Dr. Joseph Armstrong, CTO, says, “Edison will charge EV batteries up to 80 percent of capacity in as little as 10 minutes, which equates to about 50 kWh or 150 to 200 miles for most EVs. Some variability will depend upon an individual EV’s ability to accept that power level.”

Integrated with its proprietary intelligent Energy Management System (EMS), Edison also ensures that its chargers will always have sufficient energy to maintain the XFC rates while coping with variables in solar energy input, EV charging demand and the availability of grid energy. The peak-shaving and energy arbitrage strategy is leveraged by charging the BESS overnight when electricity rates are at their lowest, storing energy for use during the peak hours when EV charging demand is high, and rates are more expensive. This “buy low, sell high” approach enables Edison to significantly lower operating costs and provide superior pricing to customers.
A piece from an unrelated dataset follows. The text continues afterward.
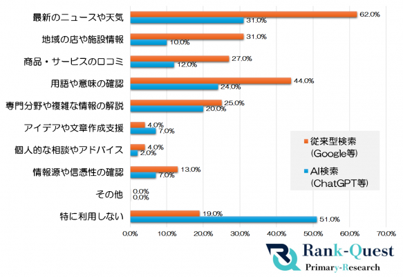 「最新のニュースや天気」では従来型検索が62.0%と圧倒的に高く、AI検索は31.0%にとどまりました。また「地域の店や施設情報」は従来型とAIで31.0%と10.0%、「商品・サービスの口コミ」も従来型27.0%に対しAIは12.0%と差が出ています。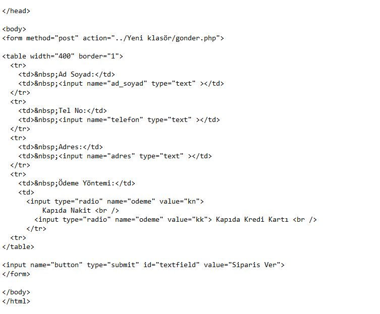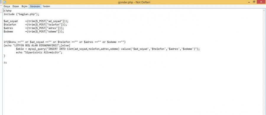 Yazmaya çalışdığım php sipariş formunda bir hata var ve bulamıyorum,formu denerken sipariş ver butonuna bastığım zaman gonder.php açılıp beyaz bir ekran geliyor ve bilgiler veri tabanına kaydolmuyor lütfen yardım edin:

Edison will charge EV batteries up to 80 percent of capacity in as little as 10 minutes, which equates to about 50 kWh or 150 to 200 miles for most EVs


From a consumer’s standpoint, the focus is on the cost savings and charging speed and convenience. Consumers benefit from Edison’s ability to keep charging costs down by utilizing overnight grid recharges, stable power from renewable sources, and strategic energy management, which reduces peak demand costs. This translates to affordable and consistent pricing at charging stations, minimizing “charge anxiety” and providing a seamless experience. For shareholders, the value lies in the operational efficiency and profitability of Edison’s approach. The energy arbitrage model along with self-generated solar power, enables Edison to optimize the timing of power usage, resulting in higher gross margins, stronger financial returns and a sustainable business model.

Finally, Edison’s fully DC-coupled solution also decouples EV charging from the utility peak rate structures, thereby significantly reducing the burden that anticipated growth of EVs will have upon the utility grid which is already at limits in most areas of the country. This sustainability effort is especially crucial given the ever-increasing demand for electricity with the emergence of an AI-driven economy that requires mega-scale data centers.